Lots of people in the south serve food after midnight on NY's eve when they party and they serve the peas and greens then but most people gotta have them on NY's day...


 o
RE: New Year's Peas

Here is an interesting story...wonder if it is true?

Here is a link that might be useful: Black Eyed Pea Hoax


 o
RE: New Year's Peas

I'm cooking up the cowpeas (some MN 157 and some Pink Eye Purple Hull) that I grew over the summer, along with some stewed tomatoes from the garden. This will be served over rice with a hunk of cornbread on the side and butter. I just cut a head of cabbage, too, so I'll cook that, too. Oh and I think a couple of turnips are ready so I'll probably toss them in with the cabbage.


 o
RE: New Year's Peas

So you all have gotten around to cornmeal dumplings ( Corn dodgers). One myth is that our soldiers threw them at the Yankees at Appommattox where they were out of ammunition. Seem to be popular in that part of Viginia, cooked on top of a pot of greens. Never developed a taste for them myself. In Virginia, the tradition was Blackeyed peas and Cabbage.
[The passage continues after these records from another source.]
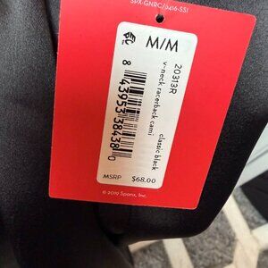 NWT SPANX Black Satin Adjustable V Neck Racer Back Cami, Size Medium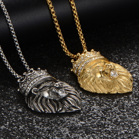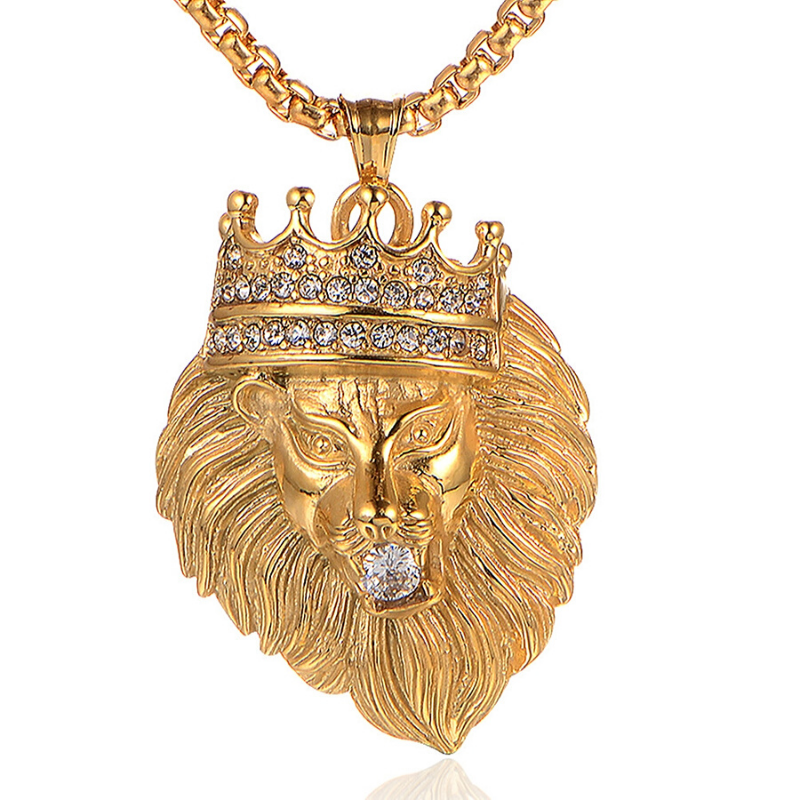Beautiful gold necklace with a lion pendant, featuring a dense mane and a lovely crown - a piece of jewellery with a strong lion identity. Gold lion necklace in stainless steel adorned with small white diamonds.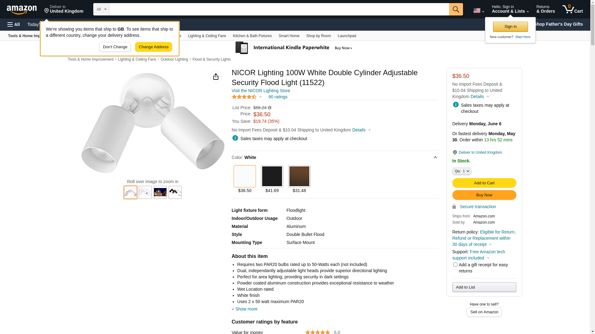 - Requires two PAR20 bulbs rated up to 50-Watts each (not included)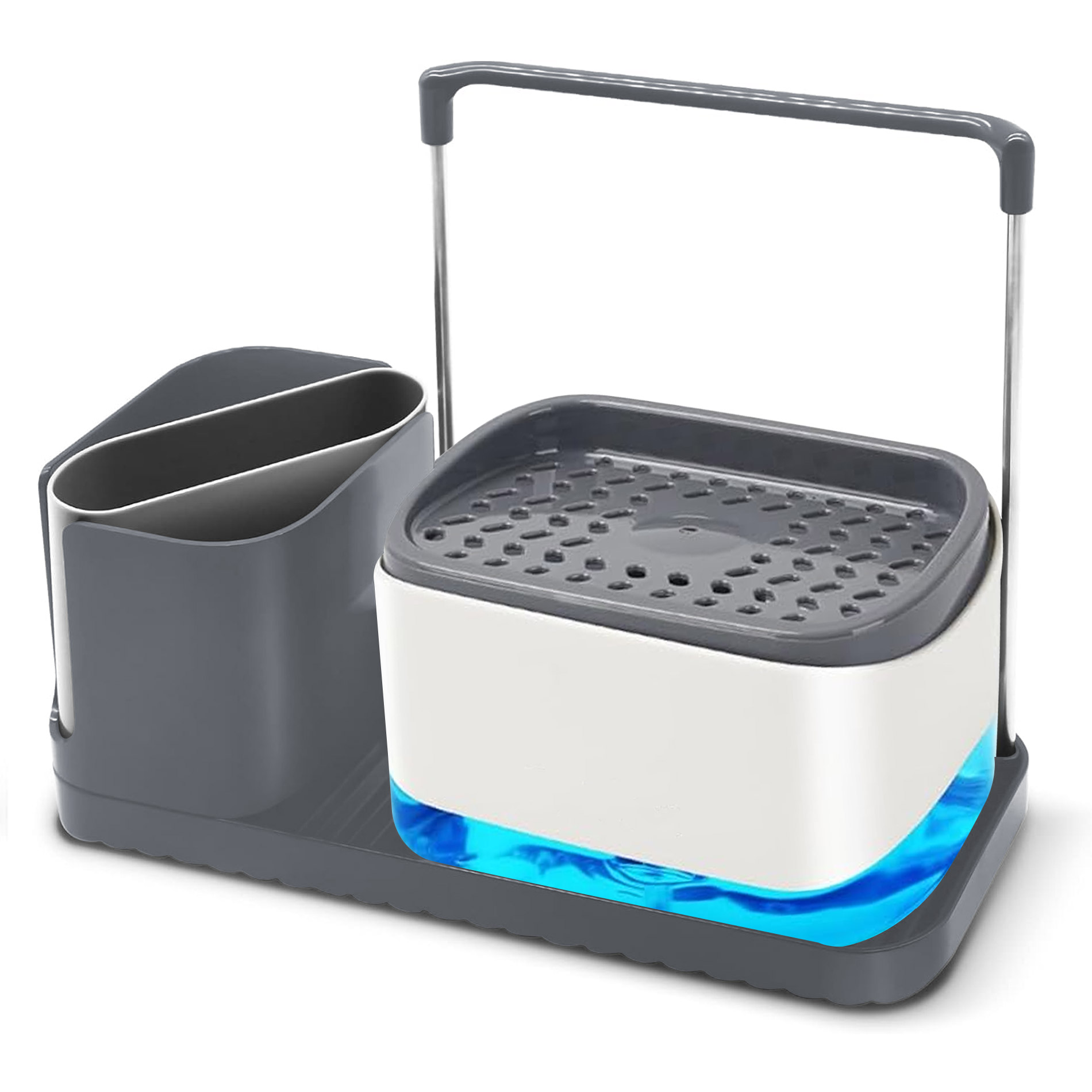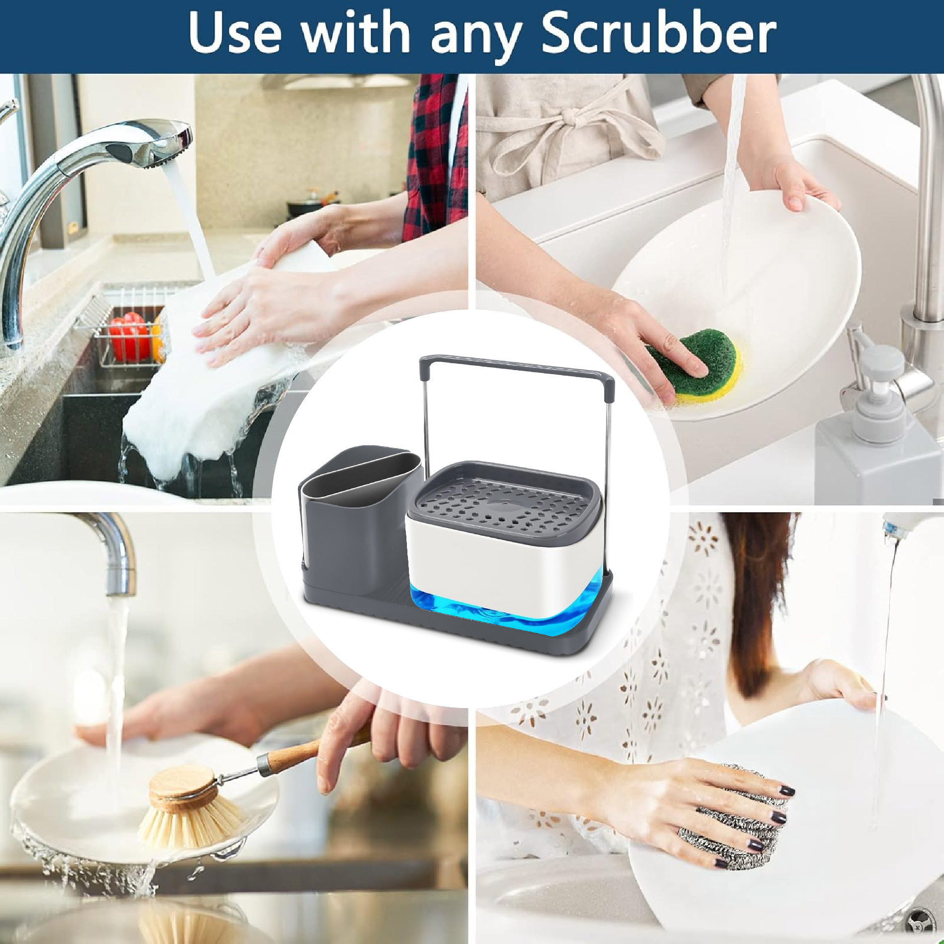 >> Pasa menos tiempo: nuestro soporte para esponja de jabón está diseñado para dispensar jabón sin esfuerzo con una sola mano y ha probado miles de pruebas de prensa. Nos aseguramos de que la bomba no se atasque mientras la usas, lo que te permite lavar los platos más rápido y fácilmente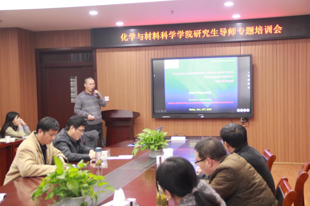 为进一步提高导师指导和培养研究生的能力、提升研究生培养质量,根据学校有关通知要求,12月14日下午,学院在礼勤楼702会议室召开研究生导师专题培训会,本次培训会特邀苏州大学郎建平教授做了题为“如何才能成为一名优秀的研究生导师”的培训报告。学院副院长周双六教授、张小俊教授,各学位点负责人及在校研究生导师参加了培训会。会议由院长高峰教授主持。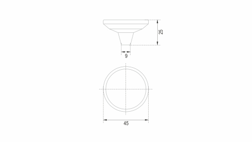 Ручка для мебели и дизайна диаметром 45 мм может использоваться самостоятельно на фасадах любой ширины.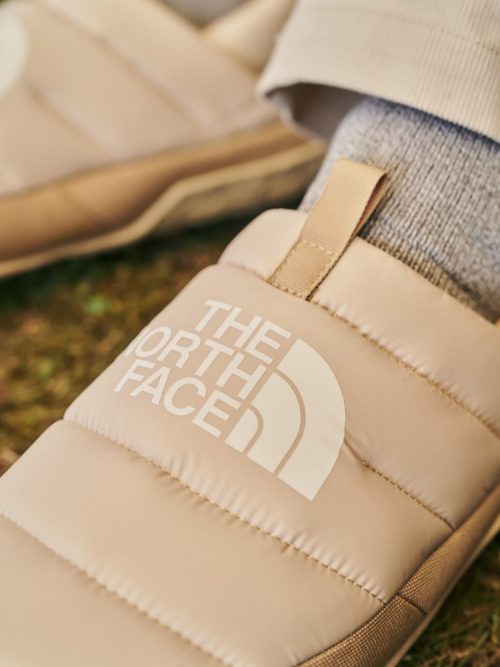 あたたかいダウンを封入した冬仕様のミュール。アッパーには、撥水加工を施したリサイクルポリエステルを採用しています。550フィルパワーのダウンを封入し、保温性にも優れているのが魅力です。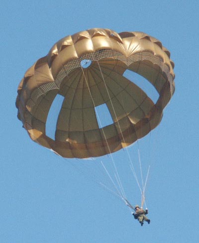 2000年から陸上自衛隊が導入した、フランス製の空挺傘696MI。 単なる丸形傘でないところが、おフランスちっく? |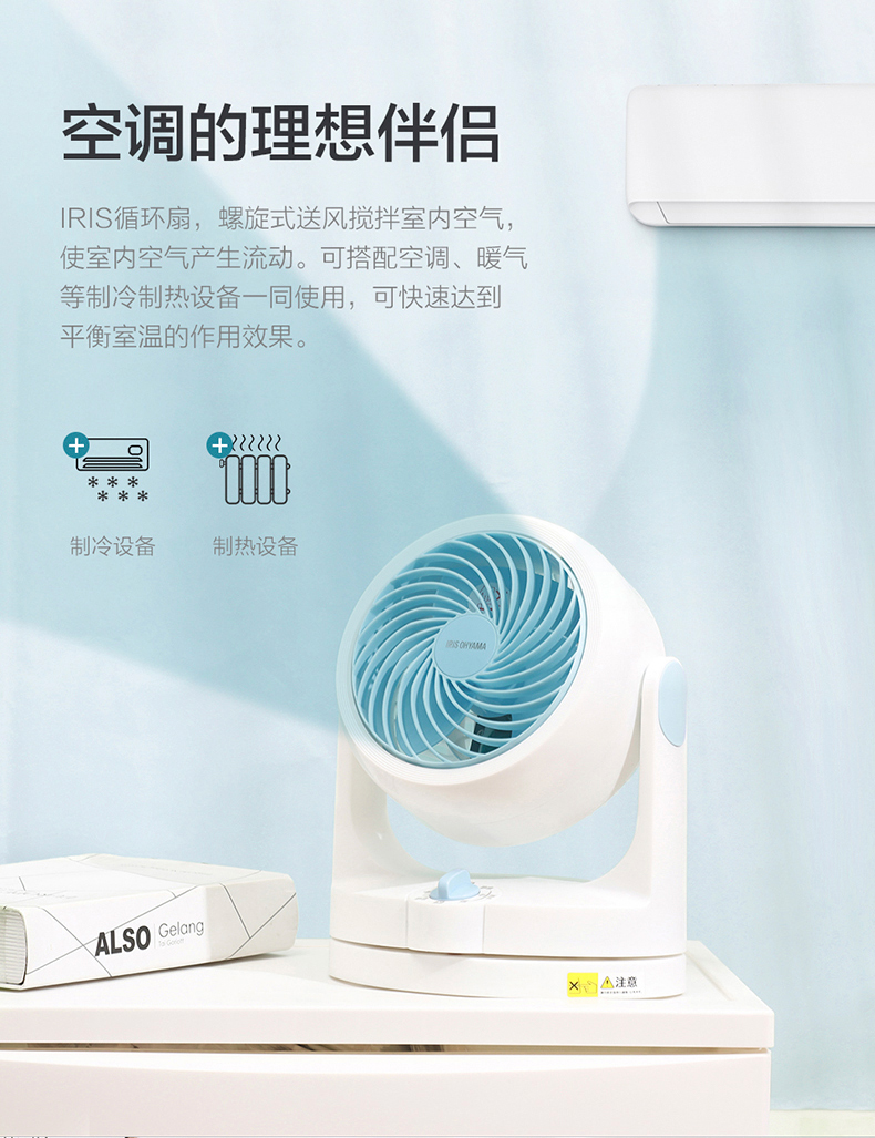 爱丽思是日本爱丽思欧雅玛株式会社公司旗下品牌,专注于家居生活类产品。荣获了2020年德国IF权威设计奖。空气循环扇能够迅速地聚集气流,将聚集的气流喷射出去,遇到障碍物后气流扩散,从而产生了空气循环气流。也就是说对着人吹是没有传统风扇的伤害的,特别适合宝宝、老人使用。大家可以看店家的动图,一个气球放在上面吹,不会被吹跑。

Down here its crowders, creams and Collards. I now agree, traditional cowpeas are better than those California Blackeyes. Flat corn bread popular in both areas. Altho I love spoon bread, folks here never heard of it.


 o
RE: New Year's Peas

On New Year's Day, Black eye peas seasoned with hog jowl, I'll probably fry some too cause it's good, cornbread(baked and fried, wife prefers baked, I like fried), cabbage this year but some kind of greens, baked ham, sliced onion and some pickled peaches.
Putting a pinch of sugar in baked cornbread is as Southern as grits. My Grandmother always added maybe a teaspoon to her cornbread as did her mother. Her family has only been in Southeast Alabama for 140 years, before that Southwest Georgia around 1800, before that North Carolina around 1660(I reckon you could say they were from up North). I imagine they went through a lot of cornbread. So to say 'real Southerners' don't use sugar is just plain wrong. I don't use sugar but that's just the way I do it. Unless you put a lot of sugar in it you can't taste it anyway.
Happy New Year Everyone and Good Eatin'!!


 o
RE: New Year's Peas

Blackeyed peas with bacon and cabbage ,eaten on New Years day, this time. It's quite a dose : )
I've eaten cornmeal dumplings before, but didn't know that's what it was called. To us, it was a way to have cornbread when there was no milk, eggs, or grease to make cornbread. It was made using one cup of cornmeal, one- half teaspoon salt, and about three-fourths cup of boiling liquid. Roll into balls and place around the perimeter of the pot of whatever was simmering, with a lid on, until done.


 o
RE: New Year's Peas

  • Posted by cabrita 9b & 10a (21 & 23) (My Page) on
    Mon, Jan 5, 09 at 22:01

We found ourselves in New Orleans on January 1st. I know New Orleans is not the south either (it is part of the northern Caribbean for those of you who wonder). We took a drive (the day before) to the southern tip of Louisiana and I found road side cabbage, mustard greens and collards. I did not want to miss out on any of those so I bought all 3 bunches. We had to drive back to southern California on the 1st, so I made cole slaw (without mayo) and we also did find fresh shelled black eye peas! I sauteed them lightly in olive oil, added some scallions and peppers and seasoned them to eat cold as a salad. I would have preferred a hot meal but we were on the road for two days so that was not an option. Having fresh black eye peas as salad and slaw was actually very good. I feel the luck and prosperity coming down already....


 
 

 

 


Click here to learn more about in-text links on this page.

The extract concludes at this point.